First Author  Sun Y Year  2009
Journal  Circ Res Volume  105
Issue  7 Pages  676-85, 15 p following 685
PubMed ID  19713536 Mgi Jnum  J:169962
Mgi Id  MGI:4943638 Doi  10.1161/CIRCRESAHA.109.201673
Citation  Sun Y, et al. (2009) Phosphorylation of caveolin-1 regulates oxidant-induced pulmonary vascular permeability via paracellular and transcellular pathways. Circ Res 105(7):676-85, 15 p following 685
abstractText  RATIONALE: Oxidants are important signaling molecules known to increase endothelial permeability, although the mechanisms underlying permeability regulation are not clear. OBJECTIVE: To define the role of caveolin-1 in the mechanism of oxidant-induced pulmonary vascular hyperpermeability and edema formation. METHODS AND RESULTS: Using genetic approaches, we show that phosphorylation of caveolin-1 Tyr14 is required for increased pulmonary microvessel permeability induced by hydrogen peroxide (H(2)O(2)). Caveolin-1-deficient mice (cav-1(-/-)) were resistant to H(2)O(2)-induced pulmonary vascular albumin hyperpermeability and edema formation. Furthermore, the vascular hyperpermeability response to H(2)O(2) was completely rescued by expression of caveolin-1 in cav-1(-/-) mouse lung microvessels but was not restored by the phosphorylation-defective caveolin-1 mutant.
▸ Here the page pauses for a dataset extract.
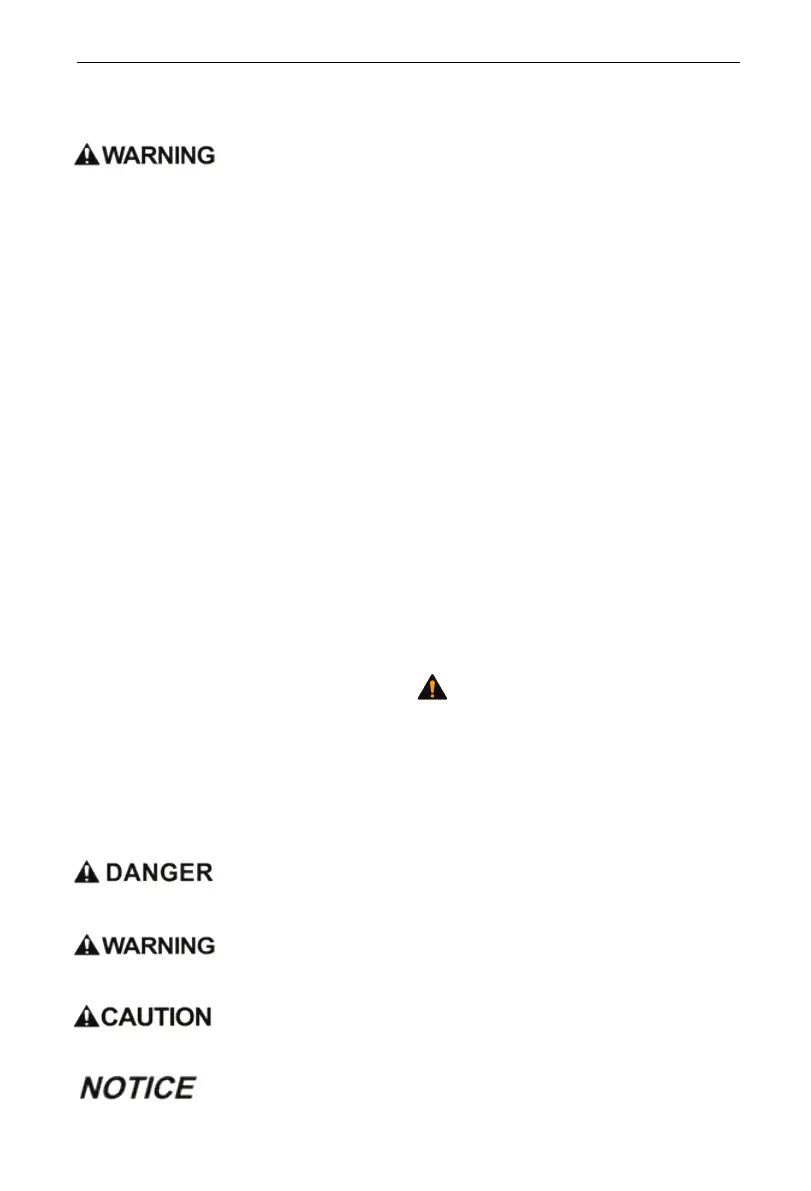WARNING, CAUTION and NOTICE. These words are used with the safety--alert

The increase in caveolin-1 phosphorylation induced by H(2)O(2) was dose-dependently coupled to both increased (125)I-albumin transcytosis and decreased transendothelial electric resistance in pulmonary endothelial cells. Phosphorylation of caveolin-1 following H(2)O(2) exposure resulted in the dissociation of vascular endothelial cadherin/beta-catenin complexes and resultant endothelial barrier disruption. CONCLUSIONS: Caveolin-1 phosphorylation-dependent signaling plays a crucial role in oxidative stress-induced pulmonary vascular hyperpermeability via transcellular and paracellular pathways. Thus, caveolin-1 phosphorylation may be an important therapeutic target for limiting oxidant-mediated vascular hyperpermeability, protein-rich edema formation, and acute lung injury.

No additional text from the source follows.